In the general population, the World Health Organization fracture risk assessment model (FRAX) is used to estimate a patient’s 10-year probability of developing a hip fracture and a major osteoporotic fracture. The validity of the FRAX model in the non-transplant setting has been tested in several studies [8,9,10]. In one study of postmenopausal women, the FRAX model was useful for predicting incident vertebral fractures with an area under the curve (AUC) of the receiver operating characteristic (ROC) curve of 0.71 when femoral neck BMD was included and an AUC of 0.68 if femoral neck BMD was not included [8]. Another study in older women (> 65 years) showed similar results where FRAX was able to predict fractures with AUC = 0.75, AUC = 0.68, and AUC = 0.64 for hip, MOF, and clinical fractures, respectively [11]. However, the usefulness and validity of the FRAX model have not been evaluated at the time of HSCT, in predicting osteoporotic fractures following transplant. Furthermore, a large proportion of patients undergoing HSCT have multiple myeloma, a disease that is characterized by bone lesions that can lead to pathological fractures [12,13,14]. This increased risk of pathological fractures, coupled with HSCT, could translate into a higher risk of developing osteoporotic fractures. The difference in osteoporotic fracture risk in HSCT patients with and without multiple myeloma and the utility of the FRAX model in patients with and without multiple myeloma have not been comprehensively evaluated.

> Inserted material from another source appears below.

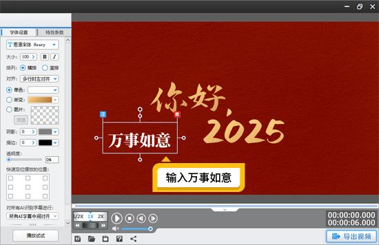 接下来,把操作界面切换至“字幕特效”面板,在视频预览框内双击鼠标左键,此时会弹出字幕输入框,在框内输入醒目的“你好,2025”字样。为了凸显标题的庄重与华丽,将字体大小设置为280,渐变颜色选定为金色,使之熠熠生辉。在特效设置区域,取消对“出现特效”和“消失特效”的勾选,仅在“停留特效”列表中选择“静态展示”这一特效,并将其特效时长精确地设置为6秒,通过这样的设置,让标题能够稳稳地处于画面中心位置,以一种简洁而大气的方式开启新年祝福的篇章。

In addition, it is useful to note that bone loss prevention treatments that are currently available have been shown to be effective in maintenance of BMD and may also increase bone density [15]. However, preventative therapies are not free of side effects, and starting all HSCT patients on preventive therapy is not feasible. Therefore, the purpose of this study was to determine the utility of the FRAX model and assess the role of the individual clinical risk factors, at the time of HSCT in identifying patients who are at high risk of osteoporotic fracture following HSCT.

Patients and methods

Study design

We conducted a retrospective chart review of adult (> 18 years) patients who had undergone HSCT, as identified using billing information, at The University of Texas MD Anderson Cancer Center (UTMDACC, Houston, TX), from January 1, 2001, to December 31, 2010. Patients were considered to have entered the cohort at the time of HSCT. Patients who were suspected to have experienced a new osteoporotic fracture following HSCT were identified by reviewing all patients’ electronic health charts and radiology records from the time of HSCT until December 31, 2013. Fractures that were identified concurrently with osteolytic lesions were excluded. Institutional review board approval was obtained before any data were collected for this study. The use of patient information complied with the Health Insurance Portability and Accountability Act, and sensitive patient data were protected in the data analysis.

Data collection

Information on the clinical variables included in the FRAX model, demographic factors, and comorbid conditions were obtained from patients’ electronic health charts at baseline, defined as within 1 month prior to HSCT. Prior fracture and glucocorticoid use were assessed up to 1 year prior to HSCT. Secondary osteoporosis was assessed as a binary variable. It was defined as yes if the patient had one of the following disorders that are strongly associated with osteoporosis: type I (insulin-dependent) diabetes; osteogenesis imperfecta in adults; untreated long-standing hyperthyroidism, hypogonadism, or premature menopause (< 45 years); or chronic liver disease; otherwise, it was entered as no. Prior medical and surgical histories, as well as the presenting illness sections of each patient’s electronic health record, were reviewed to identify conditions that are associated with secondary osteoporosis. Medication lists (for type 1 insulin-dependent diabetes) and laboratory findings (thyroid-stimulating hormone levels and T3 and T4 levels for untreated long-standing hyperthyroidism and luteinizing hormone, follicle-stimulating hormone, and testosterone levels for hypogonadism) were used to validate secondary osteoporosis status. Osteogenesis imperfecta, chronic malnutrition, and malabsorption were only documented if they were clearly identified and diagnosed in the clinical notes.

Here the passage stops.